This weekend I ordered more dirt and filled up my larger fabric “pot” to create a raised garden for some tomatoes and basil. The smaller one in my photo is planted with beans, and next to that I have used one for growing potatoes. What I love about a raised bed is the fact that there is plenty of good dirt for the roots of the plants. I guess that is one of the great things about a raised bed. Digging in the ground means creating layers of great dirt, over time – and it can take a while if the dirt under the garden is fill dirt, or something else that is not good for growing.
My house was built on the side of a big hill. Fill dirt was brought in to make the site level, as often happens. Fill dirt, is usually sandy stuff and that is what I find when I dig down a few inches in my back yard. You can see that there is little growing in the spot of yard where I put this bag. I used the loam mix that was delivered from Agway along with my own compost and added a little bonemeal, so I know that my plants are in good soil.
This garden has four tomato plants with some basil and one Italian oregano plant.
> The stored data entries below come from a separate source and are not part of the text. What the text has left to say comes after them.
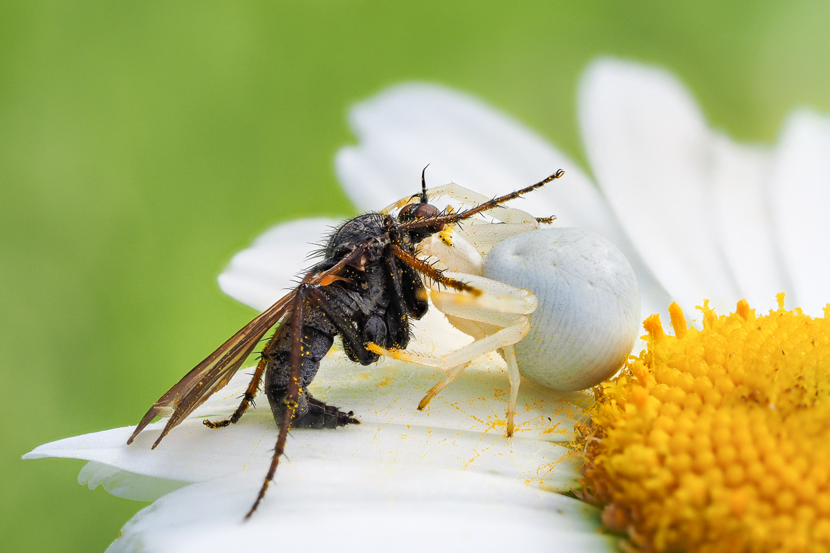 Jakoś nie mogę się przekonać do pająków :). Dziś widziałem parę akcji na łące.... Masakra :)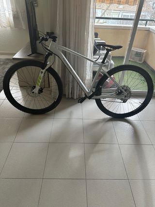 Bicicleta de montaña Rockrider Race 700 en color blanco. Modelo de 2025. - Cuadro de aluminio ligero. - Ruedas 29” - Suspensión delantera. - Frenos de disco hidráulicos. - Transmisión de 11 velocidades. - Talla L. - Horquilla Manitou 110 mm. - Bloqueo de suspensión en el manillar. - Suspensión de aceite y aire. - Bici con poco uso y bien cuidada. - Garantía de tienda 3 años ( comprada hace 5 meses). - Vendo para comprar una doble suspensión. - Precio negociable, acepto ofertas razonables.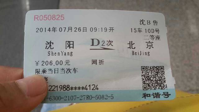 沈阳---北京 D2 09:19--14:06 206元/张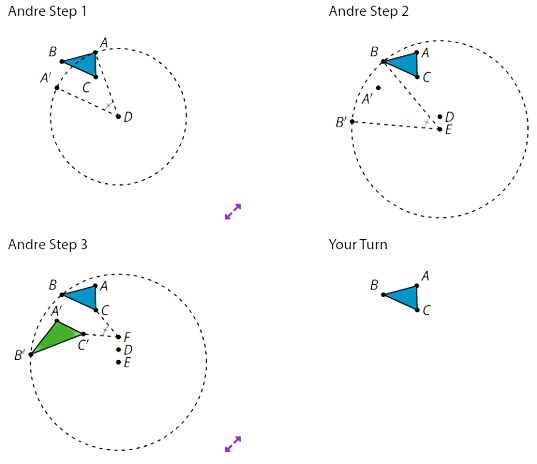 Andre tried to rotate triangle 45 degrees counterclockwise. He knows something went wrong because the image doesn’t seem to be congruent to the original figure.

I don’t know if four tomatoes are too many for this space, but I have other tomatoes planted in the ground too. In fact I made another raised bed using cinder-blocks and set that up out front where there is more sun.
That is the great thing about using these fabric pots and gardens – set them up anywhere! Find a sunny spot and add a little vegetable garden. They have allowed me the chance to plant more while I continue to expand my gardens in the ground.
If these black pots can be used year after year, the investment will be worth it. I don’t know much about them at all. Can they stay up all winter, or will I have to empty it and store it? If they don’t last, I will stick to the smaller ones only.